Тетя Полли озадаченно замерла, и Том исполнился надежды на ее утешительное раскаяние. Но нет, когда к ней вернулся дар речи, она только и сказала:
— Пф! Ну, думаю, для тебя никакая трепка лишней не окажется. Небось, пока меня тут не было, ты тоже успел набедокурить.
Совесть немедля укорила тетю Полли, ей захотелось произнести что-нибудь доброе, ласковое, однако это, решила она, было бы равносильным признанию своей неправоты, а таковое способно лишь разбаловать ребенка. И старушка промолчала, и со смятенным сердцем занялась подручными делами. Том же, надувшись, сидел в углу комнаты, упиваясь своим несчастьем. Он знал, что в сердце своем тетя стоит перед ним на коленях и знание это доставляло ему мрачную радость. Нет уж, никаких знаков прощения он ей не подаст, и не ждите, и ее знаки оставит без всякого внимания. Он сознавал, что время от времени тетя обращает к нему сквозь пелену слез молящий взор, однако отвечать на него не желал. Том представлял, как он лежит на смертном одре, а тетя склоняется над ним и выпрашивает одно, только одно краткое слово прощения, но он отворачивается к стене и испускает дух, так и не вымолвив этого слова. Что, хорошо ли ей будет? А вот и новая картина: его приносят домой от реки, мертвого, — локоны бедняжки мокры, истерзанное же сердце, в кои-то веки, вкушает покой. Как она бросится тогда на тело его, как прольются дождем ее слезы, как губы ее будут умолять Бога вернуть ей мальчика, которого она никогда, никогда больше не станет мучить! А он будет лежать перед нею, холодный, белый и даже пальцем не шевельнет — несчастный юный страдалец, чьи горести, наконец-то, прервались навсегда! Он до того растравил себе душу этими чувствительными грезами, что уже и слезы глотал с трудом и едва ими не подавился; перед глазами его все расплылось, ибо их застилала влага, и всякий раз, как Том моргал, ее становилось больше, она стекала вниз и капала с кончика его носа. Он лелеял свои печали с таким наслаждением, что мысль о каких-то там суетных радостях и никчемных усладах представлялась ему несносной и даже пугала его, и потому, когда в дом вступила, пританцовывая, его двоюродная сестра Мэри, вся светившаяся от счастья, вызванного тем, что она, наконец, вернулась домой, прогостив целый век (а точнее сказать, неделю) у сельских друзей, он встал и вышел, окруженный клубящейся мглой и мрачными тучами, в одну дверь, между тем как в другую вступили песни и солнечный свет.

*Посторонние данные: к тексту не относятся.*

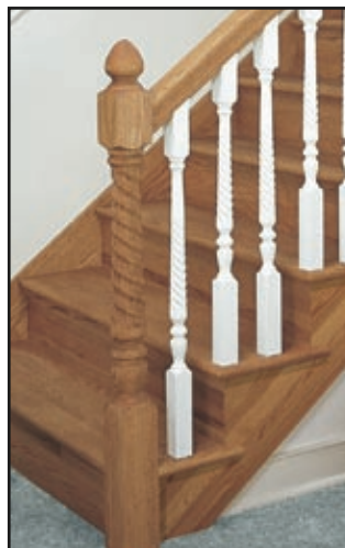
Post-to-Post in which the rail is cut and fitted between the newel posts.

The balustrade system consists of newel posts, balusters and rails. The handrails are fitted to the newel posts in two basic ways:
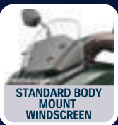
STANDARD BODY MOUNT WINDSCREEN
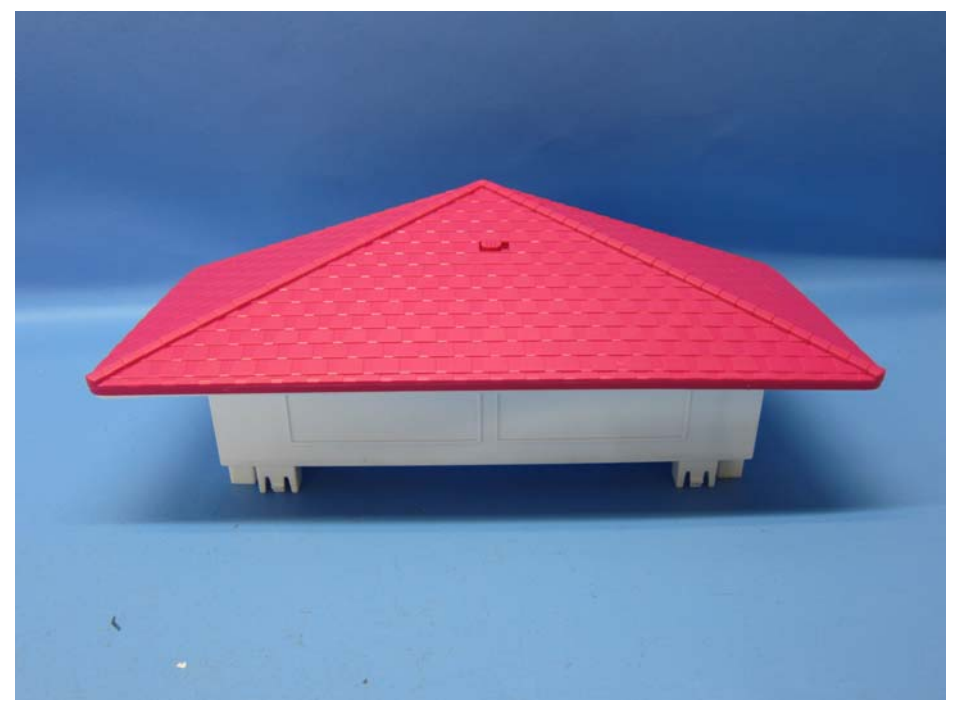
Figure 5 – Back view (Roof Unit)
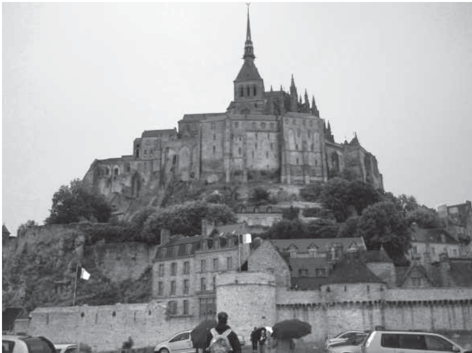
Mont Saint Michel, France

were passed down through the generations by their families.

Он бродил, уклоняясь от привычных пристанищ мальчиков, отыскивая места уединенные и унылые, гармонирующие с состоянием его духа. Бревенчатый плот, покачивавшийся у берега реки, поманил его, и Том присел на дальнем краю бревен, вглядываясь в безотрадный простор воды и думая, как хорошо было бы утонуть сразу, даже и не заметив этого, не пережив неприятных формальностей, придуманных для таких случаев природой. Потом он вспомнил о цветке и достал из-под рубашки дар девочки — измятый, увядший и тем неимоверно усиливший его скорбное блаженство. Интересно, пожалела бы она его, узнав обо всем? Заплакала бы, пожелав, чтобы ей дано было обвить его шею руками и утешить? Или холодно отвернулась бы от него, как отвернулся весь этот лживый мир? Последняя картина породила в душе Тома такой прилив сладкого страдания, что он принялся вертеть ее в уме так и этак, представляя все в новом и новом свете, пока она не протерлась до дыр. И тогда он встал, воздыхая, и удалился во тьму.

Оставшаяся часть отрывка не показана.